Инцидент в Челябинске совпал по времени с созывом в этом городе конгресса Чехословацкой революционной армии. Первоначально это собрание было организовано с целью определения организации и командного статуса корпуса, а также рассмотрения трудностей, возникших в связи с его продвижением на восток. Инцидент, естественно, привлек внимание делегатов с первого дня работы этого совещания. В частности, они не могли не осознать слабость дисциплины, которую центральные советские власти установили по отношению к местным Советам в Сибири. В этих обстоятельствах меры по разделению корпуса вызвали самое сильное негодование и рост подозрений среди делегатов. Единогласно, несмотря на возмущенные протесты присутствующих французских военных представителей, они проголосовали за отклонение проекта и игнорирование в этом отношении даже пожеланий Чехословацкого национального совета и союзников.
Именно в разгар этих событий конгресс получил 23 мая новую директиву от представителей Чехословацкого национального совета, находившихся тогда под давлением в Москве, о том, что все оружие должно быть передано советским властям. Сразу же была принята резолюция, также противоречащая этой директиве и провозглашающая намерение сохранить оружие и продолжить путь во Владивосток. К тому времени, когда чешские командиры 24 мая покинули Челябинск, чтобы вернуться в свои части, стало ясно, что они договорились между собой о своего рода оперативных планах «пробивания пути», которые должны быть реализованы немедленно, без дальнейших церемоний и в той мере, в какой это могло потребоваться по их возвращении на свои руководящие посты.
Челябинская резолюция стала известна в Москве через несколько часов, где она оказала сильное воздействие на советских лидеров, которые отреагировали практически немедленно. 25 мая Троцкий отправил местным Советам вдоль Сибирской железной дороги телеграмму, которая начиналась следующим образом: «Настоящим приказывается всем Советам немедленно разоружить чехословаков. Каждый вооруженный чехословак, обнаруженный на железной дороге, должен быть расстрелян на месте; каждый воинский эшелон, в котором обнаружен хотя бы один вооруженный человек, должен быть разгружен, а его солдаты интернированы в лагерь для военнопленных.

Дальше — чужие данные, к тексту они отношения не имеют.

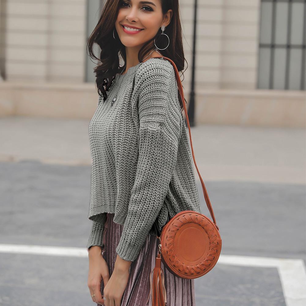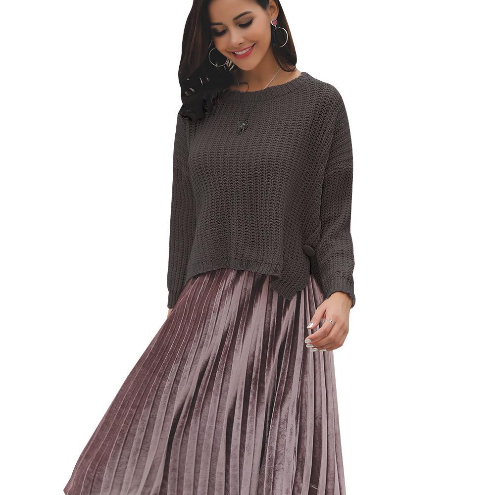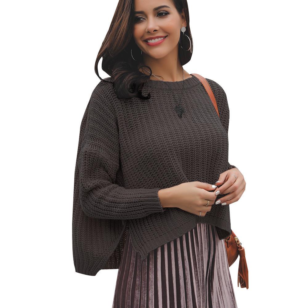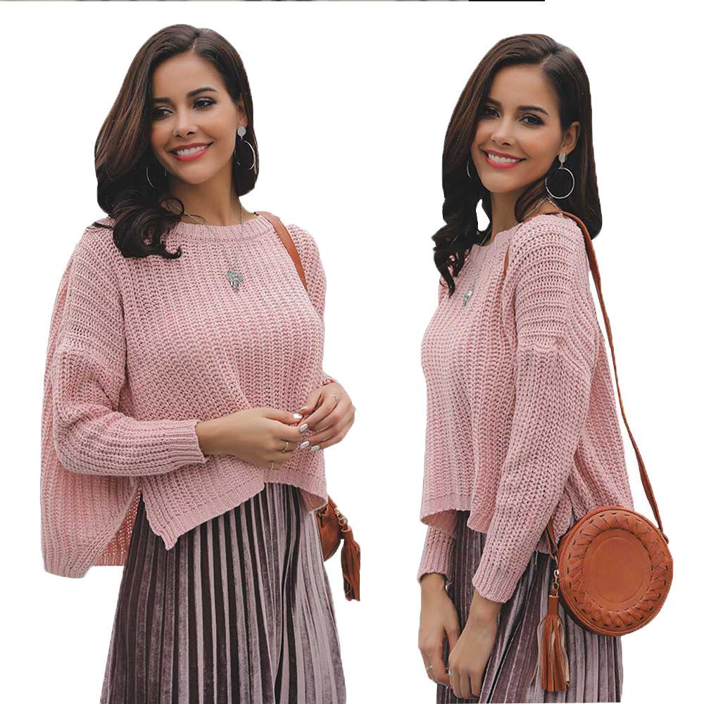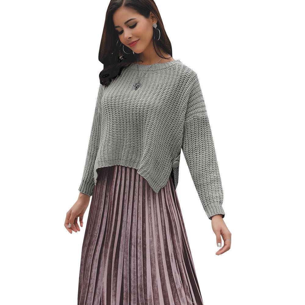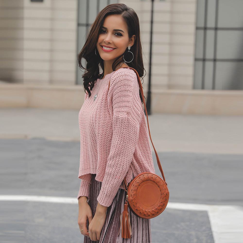Suéter corto alto decorativo con hebilla de cartucho de punto básico de cuello redondo de color sólido de otoño e invierno para mujer de comercio exterior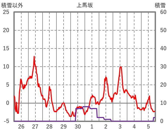 | 日 | 時 | 気温 | 降水 | 風向/風速 | 日照 | 積雪 | 降雪 |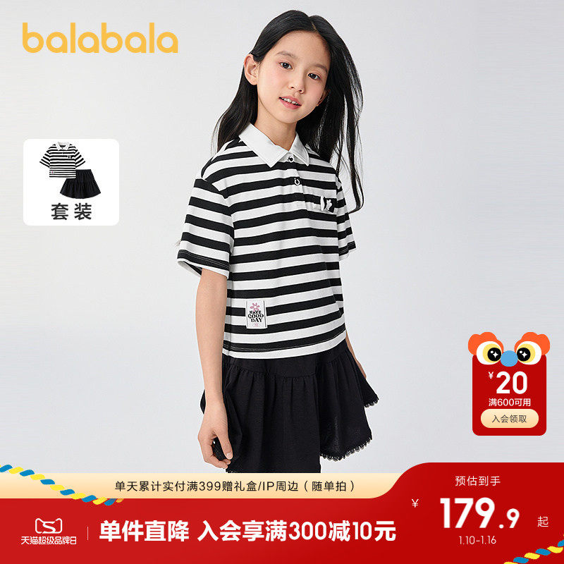 巴拉巴拉女童套装夏季儿童装2025新款夏装大童两件套时尚百搭洋气

Местные военные комиссары обязаны немедленно приступить к выполнению этого приказа; любое промедление будет рассматриваться как государственная измена и повлечет за собой суровое наказание нарушителя…»
Передавая этот приказ местным Советам, военные власти в Сибири добавили: «…Если для разоружения ваших сил окажется недостаточно, сделайте все возможное для остановки эшелонов: отведите их в сторону, заберите локомотивы, а в экстренных случаях разрушьте железнодорожные пути…»
Таким образом, несложно понять, что к 25 мая отношения между советским правительством и Чешским корпусом пришли к полному разрыву, и военные действия теперь стали неизбежны.
Впоследствии было много споров относительно того, предшествовал ли приказ Троцкого о расформировании корпуса решению пробиваться с боем или последовал позже. Этот аргумент празден. Чехи приняли свое решение еще до того, как у них появились сведения о телеграмме Троцкого. Отправляя телеграмму, он уже знал о резолюции челябинской встречи. В этом смысле можно сказать, что восстание начали чехи. Но они сделали это на фоне длинной череды осложнений, в которых сыграли свою роль слухи, неразбериха и ошибки со стороны всех заинтересованных сторон – и чехов, и большевиков, и союзников.
26 мая между чехами и большевиками вдоль всей железнодорожной линии от Пензы до Иркутска вспыхнули боевые действия.
С самого начала официальный коммунистический тезис заключался в том, что именно союзники спровоцировали чешское восстание. 29 мая, всего через три дня после начала военных действий между чехами и большевиками, Садуль отметил в одном из своих писем убежденность Троцкого в существовании заговора между союзниками и российскими оппозиционерами, спровоцировавшего чешскую акцию под руководством французских офицеров, представляющую своего рода генеральную репетицию будущей японской интервенции в Сибирь. Советские историки продолжают повторять этот взгляд на события в той или иной форме вплоть до сегодняшнего дня. Сначала к числу заговорщиков они относили французов и британцев, а несколько позже, в разгар антиамериканской кампании, последовавшей за Второй мировой войной, к числу виновных были причислены и Соединенные Штаты.
Сколько же правды в подобных обвинениях? Принимая во внимание важность восстания для последующей союзнической, а особенно американской, политики в отношении интервенции, нельзя удержаться от изучения этого вопроса.